## Data management and cleaning in R
## Clinic on the Meaningful Modeling of Epidemiological Data
## International Clinics on Infectious Disease Dynamics and Data (ICI3D) Program
## African Institute for Mathematical Sciences, Muizenberg, RSA
##
## (C) Juliet Pulliam, 2011, 2012, 2017
##
## The goal of this tutorial is to acquaint you with ways of
## manipulating and cleaning infectious disease data in R.  By
## the end of the tutorial you should be able to:
##
##  * import CSV files into R
##  * ensure imported data is interpreted correctly by R
##  * identify errors and inconsistencies in a data frame
##  * correct identified data errors
##
## NOTE: The comments will guide you through the tutorial but you
## should make sure you understand what the code is doing.  Some
## function arguments are assigned to ?.  This will give you an
## error. You should try out values for these arguments as
## suggested in the comments or find them yourselves in a help file.


######################################################################
## First, you need to import the data you will be working with.
## You should make sure you are in the same
## working directory as your data.

## You presumably downloaded the data and this script to the same place
## You can make sure R studio is "there" by clicking on Session/Set Working
## Directory/To Source File Location

## If you have files in a different place than the script, you can use
##Session/Set Working Directory (or a keyboard shortcut) to navigate there.

## We generally don't recommend using setwd() in scripts, because it causes
## difficulties in sharing and collaboration.

## For this tutorial, we will be using an example dataset that
## resembles (but is not) real data from a measles epidemic in
## Democratic Republic of Congo. The "data" are made available only
## to ICI3D participants and are for use only during the MMED and
## DAIDD clinics, and only for the specified purposes.

## We will be using the 'tidyverse' family of R functions to read in
## and clean the data. Let's get started.

## Data are available at https://github.com/ICI3D/datasets under the dataCleaning folder

library(tidyverse) # Load the tidyverse package
dat  <-  read_csv("tutorial5.csv") # read in the "data"

## The read_csv() function reads data in as a tibble, a data
## structure that is very useful because it can contain different
## data types in different columns (similar to a data frame, but unlike
## a matrix or array).

######################################################################
## Let's look at the data to get a feeling for the size of the
## data set and what variables we have to work with.
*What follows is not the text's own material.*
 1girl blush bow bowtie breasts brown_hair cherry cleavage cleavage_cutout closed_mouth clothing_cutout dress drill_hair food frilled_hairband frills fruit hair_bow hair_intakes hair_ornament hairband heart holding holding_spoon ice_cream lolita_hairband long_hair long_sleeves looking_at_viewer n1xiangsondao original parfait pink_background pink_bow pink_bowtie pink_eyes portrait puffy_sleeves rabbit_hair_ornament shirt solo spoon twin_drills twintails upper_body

dim(dat)			# Determine the number of rows and columns
dat		        # Look at the beginning of the dataset

## For each individual in our data set, we have the following
## information:
##
##  * Province - the province where the case occurred
##  * ZS - the health zone where the case occurred
##  * Age_annes - the person's age in years
##  * Age_Mois - the person's age in months
##  * Sexe - the person's sex
##  * Date_dern_vacci - the date when the person was vaccinated against
##    measles
##  * DDS - the date of symptom onset
##  * test - the result of a diagnostic test for IgM antibodies against
##    measles

## The read_csv() function has read in most of our data as characters.
## Note that this is a different behavior from what would have happened
## using the read.csv() function demonstrated in Thumbi's lecture, and
## this fixes the problem he demonstrated where factors are sometimes
## treated as numbers when they shouldn't be. It also gives us some
## useful information about problems we're likely to discover with
## the dataset as we explore further - for example, the fact that the
## Age_annes column has been read in as characters indicates there are
## likely to be some problematic entries.
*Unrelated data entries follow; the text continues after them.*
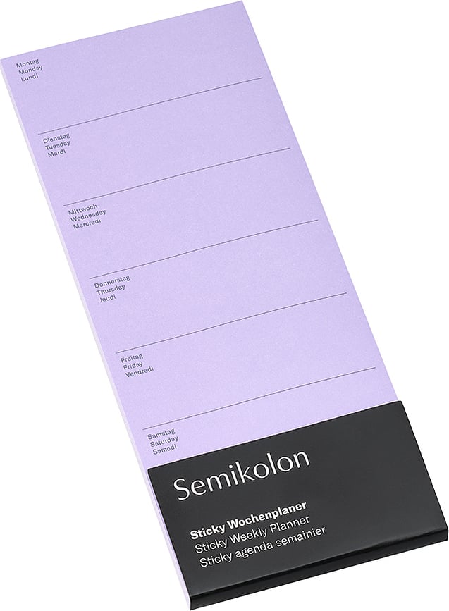Dostupne verzije:- Semikolon Tjedni Planer samoljepljiv lila, Semikolon Tjedni Planer samoljepljivi svijetloplavi, Semikolon Planer tjedni samoljepljivi smeđesivi
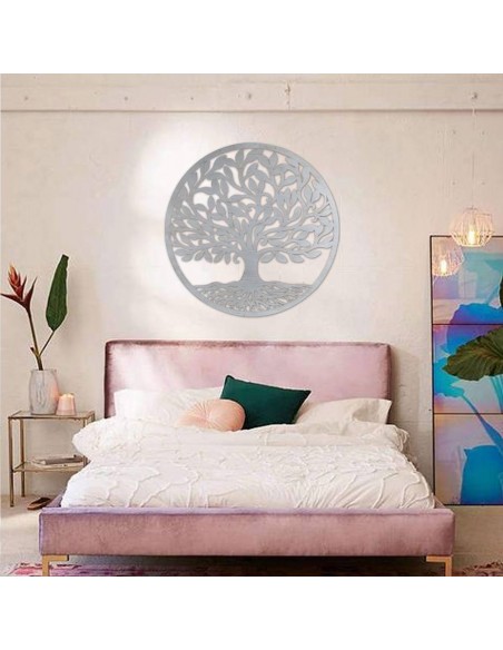 Espectacular mural de pared circular en color blanco. Este original mural del árbol de la vida no pasará desapercibido en tu hogar.
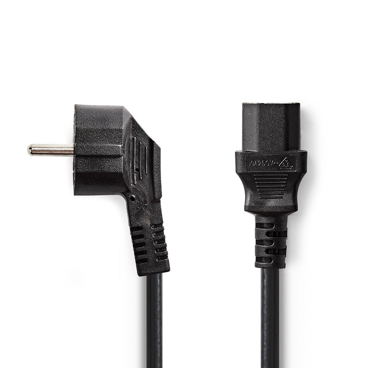 Strömkabel | Strömkontakt Hane | IEC-320-C13 | Vinklat | Rak | Nickelplaterad | 2.00 m | Rund | PVC | Svart | Kartong med fönster

## We should always go through our data sets to ensure that
## R treats each variable as the appropriate data type. To do this,
## it will help to know the different ways in which R can store and
## interpret data. To see a list of the options for data types:

## ?typeof

#########
## Hands off the keyboard! Pick up a writing pad and...
#########
##
## Decide what data type each variable in the data set should be.
## Refer to the lectures on study design or data cleaning, if necessary.
##
#########

## Before we start working with the data itself, let's rename the columns
## so they're easier to interpret.

dat <- rename(dat
              , province = Province
              , healthZone = ZS
              , ageYears = Age_annes
              , ageMonths = Age_Mois
              , sex = Sexe
              , dateVaccinated = Date_dern_vacci
              , dateOnset = DDS
              , testResultIgM = test
)

## Here is a cleaned up version of the data key, with the new
## column names and information about the data types we will end up
## with after cleaning the data:
##
##  * province - the province where the case occurred (character)
##  * healthZone - the health zone where the case occurred (character)
##  * ageYears - the person's age in years (integer)
##  * ageMonths - the person's age in months (integer)
##  * sex - the person's sex (character)
##  * dateVaccinated - the date when the person was vaccinated against
##    measles  (character)
##  * dateOnset - the date of symptom onset (character)
##  * testResult - the result of a diagnostic test for IgM antibodies against
##    measles
##
##  We will also create some new variables as we clean the data:
##
##  * ageYearsContinuous - the person's (approximate) age in years, as a
##  continuous
##  variable (double)
##  * vaccinationStatus - whether the person had been previously
##  vaccinated (logical)
##  * testStatus - additional information about the person's diagnostic
##  status (character)

######################################################################
##
## Let's begin by looking at ageYears, which should be stored as a
## numeric value.

mode(dat$ageYears)		# determine the storage mode of a variable

## As noted above, ageYears is being treated as a character, which
## likely indicates a problem with some of the entries; let's take
## a closer look:

distinct(dat,ageYears)

## The distinct() function lists the unique values for a variable or
## or set of variables. So far, everything looks fine, but the
## function only shows us as much of the data as will fit in the
## console window. We need to look at all of the values to indentify
## what's going on:

## CONSOLE (you can try View() instead of print())
print(
  dat
  |> distinct(ageYears)
)

## Scrolling down, we can see the problem: some of the entries have a
## value of 'ND' which of course is not a number, so read_csv()
## decided to treat the entire column as characters. In this dataset,
## 'ND' is a way of denoting missing values, and we can correct
## this easily by telling R that everything in this column should be
## a number. To see what this will do, let's look at the unique values
## again after we cast ageYears as an integer:

## CONSOLE
View(
  dat
  |> distinct(as.integer(ageYears))
)

## We see that 'ND' is no longer in the list of values and has been
## replaced by NA, which stands for 'not applicable' and is R's way
## of treating missing information. We can see that R is treating NA
## differently from 'ND' because the NA row is now greyed out. Let's
## update the dataset to reflect this correction:

dat <- (
  dat
  |> mutate(ageYears = as.integer(ageYears)) # replace
)

## Now let's look more closely at the data in this column to verify
## that the values make sense:

## CONSOLE
print(
  dat
  |> distinct(ageYears)
  |> arrange(ageYears)
)

## This time, instead of just looking at all the values, we've arranged
## them in ascending order, so we can easily see whether all of the
## numeric values are plausible. We can also look explicitly at the range
## of values given:

range(dat$ageYears,na.rm = T)

## Note that the na.rm argument tells the function whether to drop the
## missing values before showing us the range. We have set it to TRUE,
## so we see the range of values after the NAs have been removed.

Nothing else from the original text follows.